UK MI6 Chief Says Putin Cut Deal To End Wagner Rebellion


The head of Britain’s intelligence agency, MI6, said on Wednesday that Russian President Vladimir V. Putin “cut ties” with Yevgeny V. Prigozhin, the founder of Wagner’s mercenary group, at a time when Mr. Prigozhin failed to rebel last month.

The comments of Richard Moore, the head of MI6, in a rare speech in Prague at an event hosted by Politicoprovide information from a Western intelligence chief on Mr. Prigozhin’s surprising but short-lived rebellion last month.

Wagner’s commander went on a rampage against the Russian military last month, which saw his troops marching towards the capital before being abruptly halted. Two weeks later, the Kremlin revealed that Prigozhin and other Wagner leaders were involved. met with mr. Putin for three hours in the days after the rebellion.

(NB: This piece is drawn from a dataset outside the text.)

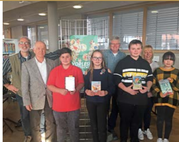
Ein Beispiel für die erfolgreiche Zusammenarbeit von Schule-Bücherei ist die Ausrichtung des jährlich in der Gemeindebibliothek stattfindenden Lesewettbewerbs der 6. Klassen (Abschlussfoto der Veranstaltung von 2019 mit den Klassensiegern und der gemeinsam von Bibliothek und Mittelschule gestellten Wettbewerbsjury)

“I think he probably feels pressured,” Moore said of Putin, speaking at the British ambassador’s residence in the Czech capital. “Prigozhin was his creation, created by Putin, yet he turned against him. He did not fight Prigozhin; he cut a deal to save his skin using the good offices of the leader of Belarus.”

Mr. Moore also reflected on the sudden march of Wagner’s troops into Moscow, the swiftness with which he stood, and Mr. Prigozhin’s escape – so far – from the fate of many of the Kremlin’s opponents.

“Prigozhin started that day as a traitor at breakfast, was excused at dinner, and a few days later, he was invited to tea,” Moore told the audience. “Therefore, there are some things that even the head of MI6 finds difficult to try to define, in terms of who is in and who.”

Last week, Putin said Wagner’s troops could continue to fight together with the Russian Army in Ukraine, but without their leader.

“He’s obviously stressed,” Moore said of Mr. Putin. “You don’t have a group of soldiers going up the road to Rostov and arriving 125 kilometers from Moscow unless you foresaw that it would happen.”

Mr Moore was not the only British official who weighed in on the matter on Wednesday. James Cleverly, the British foreign minister, speaking at the Aspen Security Forum, said that no matter how hard “Putin tries, the coup attempt does not look good.”

Julian Barnes contributed reporting from Aspen, Colorado.